A Primavera Árabe eclodiu e já fez cair dois presidentes no Egito. O movimento Occupy Wall Street, iniciado em setembro de 2011, em Manhattan, protesta contra a desigualdade econômica e social, a ganância, a corrupção e a indevida influência das empresas - sobretudo do setor financeiro - no governo dos Estados Unidos. Atualmente, o movimento continua denunciando a impunidade dos responsáveis e beneficiários da crise financeira mundial. O grupo hacker Anonymous, responsável por ataques em sites de governos e também ao Facebook, afirmou que fez isso porque a rede social tem auxiliado governos, vendendo informações de usuários e garantindo acesso clandestino para firmas de segurança que espionam pessoas de todo o mundo.
Isso é um nano flash do mundo real versus o virtual. Os enfrentamentos transformaram-se. Há um novo vetor de comunicação, mobilização, transparência, coordenação e ação funcionando em bases multirradiadas e sinérgicas. Aliado a isso, as lideranças são difusas e sem autoridade representativa concreta no mundo real.
Portanto, é ora de atualizar-se e entender o que representa uma democracia pós-moderna. Partidos poíticos sempre atuarão na democracia. É por intermédio deles (ou deveria ser) que as políticas públicas tornam-se realidade, assim como eles contribuem para manter e aprimorar a doutrina do exercício da cidadania. Não há vazio de poder, o poder será sempre ocupado, se os partidos não estão fazendo a sua parte a insatisfação conduzirá a massa para outro tipo de liderança e esperança: a que eles escolherem e adotarem, mesmo que em um segundo momento, como a história sempre registrou, uma liderança menos flexível se instale e governe fortemente, até sem a força desse próprio povo.

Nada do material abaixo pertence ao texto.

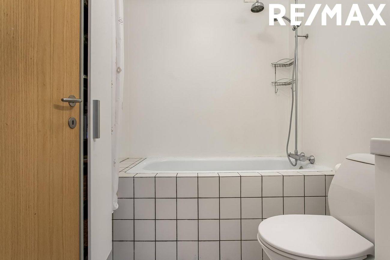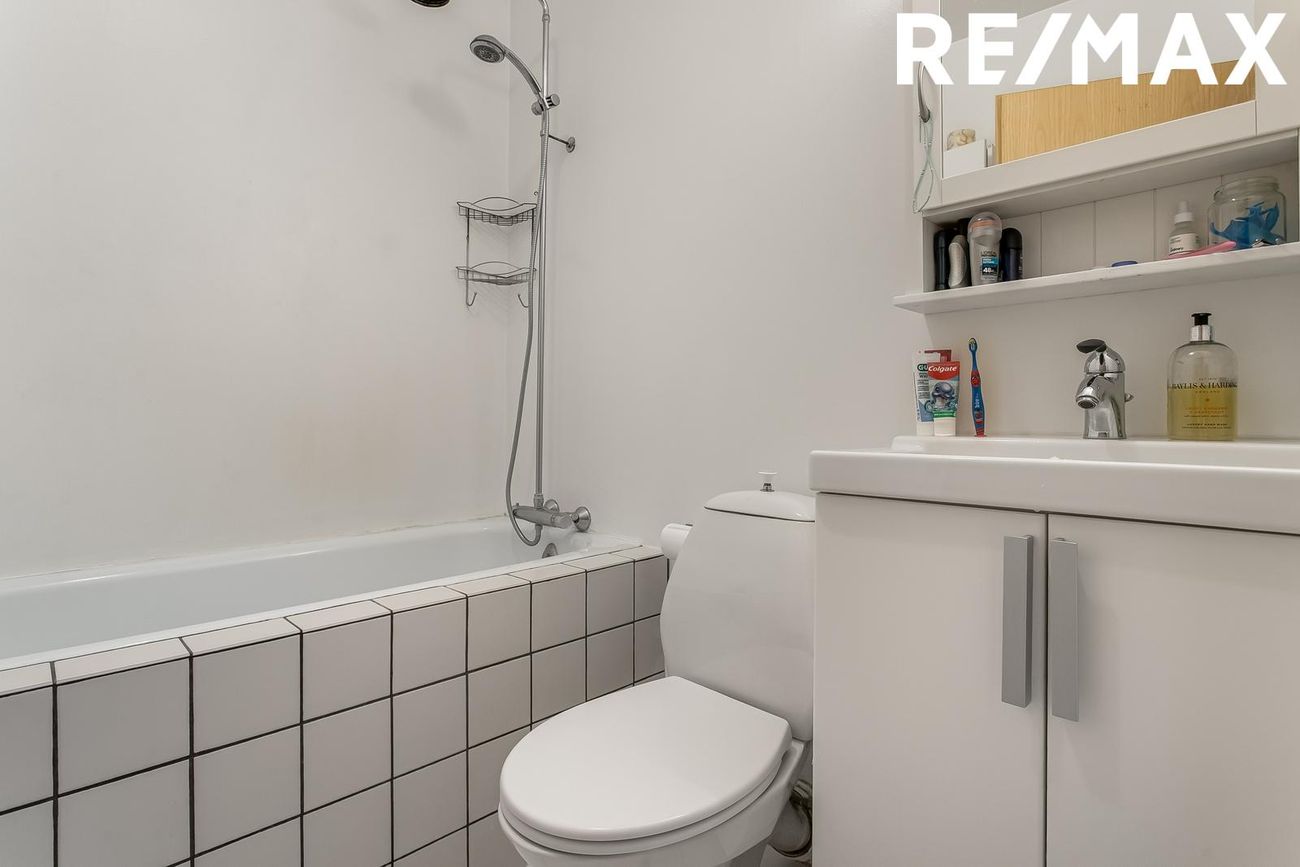 Baðherbergi með baðkari með sturtu aðstöðu. Flísar á gólfi. Vaskinnrétting og handklæðaskápur.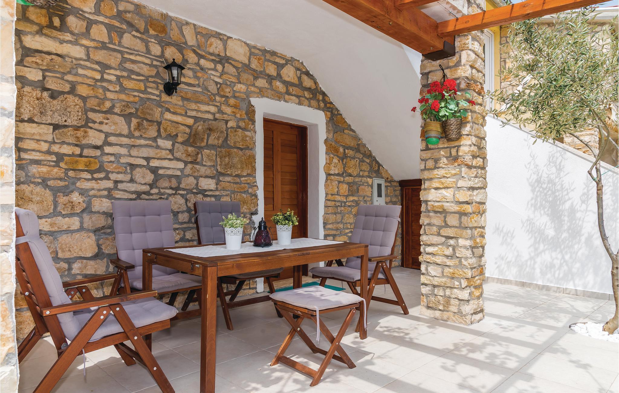 Dieses hübsche Ferienhaus aus Stein liegt umgegeben von Blumen in einem kleinen Dorf unweit vom Nationalpark Krka. Es besteht aus zwei Etagen mit Außentreppen. In dem schönen, eingezäunten Hof mit Sträuchern und Bäumen, liegt ein großer privater Außenpool. Die Lage eignet sich perfekt für einen ruhigen Urlaub. Wenn Sie aber eine lebendigere Szene erleben möchten, ist die Stadt Sibenik nicht weit entfernt. Kultur und Festivals werden dort geboten. Naturliebhaber sollten unbedingt Skradin besuchen (das antike Scardona), ein Städtchen am Eingang vom Nationalpark.

Preservar as instituições em tempos atuais é um exercício pleno de sacerdócio público. Governantes não podem continuar apresentando ações pouco sustentáveis e paliativas endereçadas aos problemas socioeconômicos nacionais.
Relevante entender a voz das ruas. A massa humana deve ser compreendida na sua totalidade, preservando direitos, respeitando à diversidade e caminhando para o plural entendimento das questões das minorias. É só adiante, só progresso.
Caso as instituições legislativas e aquelas outras inerentes às entidades do Executivo não consigam se expressar pelos resultados direcionados ao povo, por tudo aquilo expresso em suas cartas magnas municipais, estaduais e federal, os cidadãos buscarão utilidade fora das instituições e dos partidos políticos.
O objeto que move as manifestações hoje é o conjunto de insatisfações com os serviços públicos oferecidos, desconfiança generalizada nas autoridades e o conhecimento da paralisia e da obsolescência das gestões públicas nacionais. Isso tudo pode não ser tão verdadeiro assim, mas é um caminho para tentar compreender e tentar debelar a fúria resultante das insatisfações, assim como atender aos apelos da mobilização por um Brasil mais justo, mais igual e menos corrupto, aliado a menos desvios, mais ética e mais gestão eficaz da coisa pública.